Members of the Rohingya Muslim minority who have fled violence in Myanmar to Bangladesh, were being targeted by human traffickers, according to UN agencies.
"The UN Migration Agency (IOM) has found that human trafficking and exploitation is rife among Rohingya refugees who have fled Myanmar into Bangladesh," Xinhua news agency quoted UN spokesman, Stephane Dujarric, as saying on Tuesday.
"This is according to interviews and focus groups they've been conducting in Cox's Bazar," he said, referring to where makeshift refugee camps were established in southeastern Bangladesh, neighbouring Myanmar's Rakhine state.
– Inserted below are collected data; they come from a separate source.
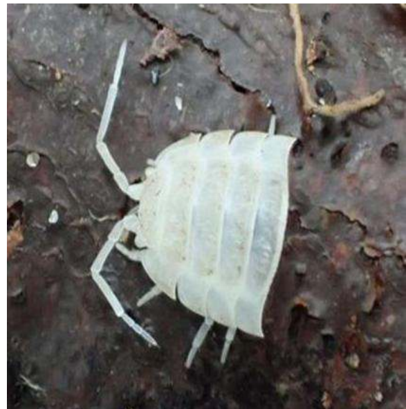
Vervelhuidjes van pissebedden zijn altijd door de helft (Bron: Mike Hirschler, IVN).

Anatomie van de kelderpissebed. Dit exemplaar betreft een vrouwtje, wat te zien is aan de holte aan de buikzijde tussen de poten; hierin wordt wekenlang de broedzak met de eitjes en nimfen meegedragen. Bron: Wikipedia.
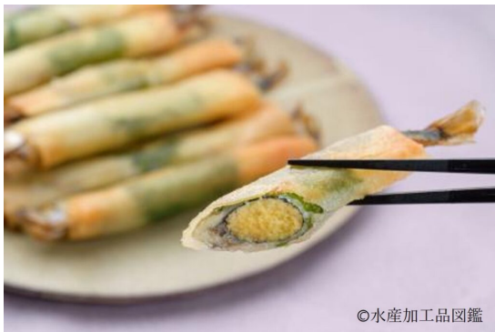
写真15 調理例5 (春巻き)
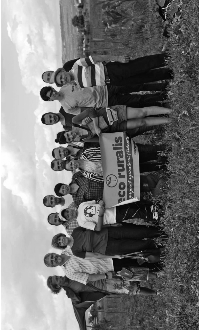
Întâlnirea grupului de lucru Eco Ruralis pentru dreptul la semințe, Sopor, Cluj, iulie 2017

"Exploitation has been reported among Rohingya refugees not only among those who arrived since August 25 this year but also among those who have lived in Bangladesh for years. The IOM says that desperate refugees are being recruited with false offers of paid work.
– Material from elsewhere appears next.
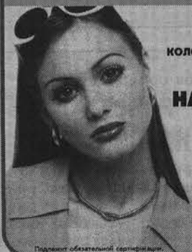
Подлинит обязательной сертификации.

Лиц. Г-734871 выд. Комитетом по торговле адм. Мурманской обл.
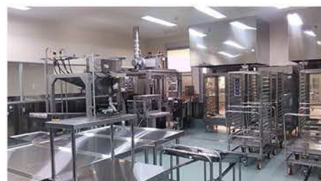
■ 焼物・揚げ物・蒸し物調理室

"With almost no alternative source of income they are willing to take whatever opportunity they are presented with, even if they are risky, dangerous ones that involve their children.
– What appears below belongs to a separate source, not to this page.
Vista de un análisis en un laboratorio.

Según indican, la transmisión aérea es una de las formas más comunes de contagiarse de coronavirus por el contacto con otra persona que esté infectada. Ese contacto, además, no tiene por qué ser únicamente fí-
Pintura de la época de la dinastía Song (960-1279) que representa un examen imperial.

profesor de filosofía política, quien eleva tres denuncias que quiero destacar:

"The agency is also concerned about forced and early marriages taking place among the Rohingya refugee population."
Dujarric said the number of Rohingya refugees in Bangladesh has increased to 618,000 over the weekend.
All tolled, there were more than 800,000 Rohingyas in Bangladesh, according to the UN Refugee Agency (UNHCR).
Desperate men, women and children were being recruited with false offers of paid work in various industries including fishing, small commerce, begging and, in the case of girls, domestic work, the IOM said.
Once they start the job, they usually find that they are not paid what was promised, it said.
They are often deprived of sleep, made to work more hours than was agreed, not allowed to leave their work premises and not allowed to contact their family. Women and girls are often physically or sexually abused.
Kateryna Ardanyan, an IOM counter-trafficking expert currently deployed in Cox's Bazar, said: "In the chaos of a crisis like this, trafficking is usually invisible at first, as there are so many other urgent needs like food and shelter. But agencies responding to this crisis should not wait until the number of identified victims increases.
"Rohingya refugees need preventive and proactive action now to mitigate risks of human trafficking, and the survivors need help, before this spirals out of control."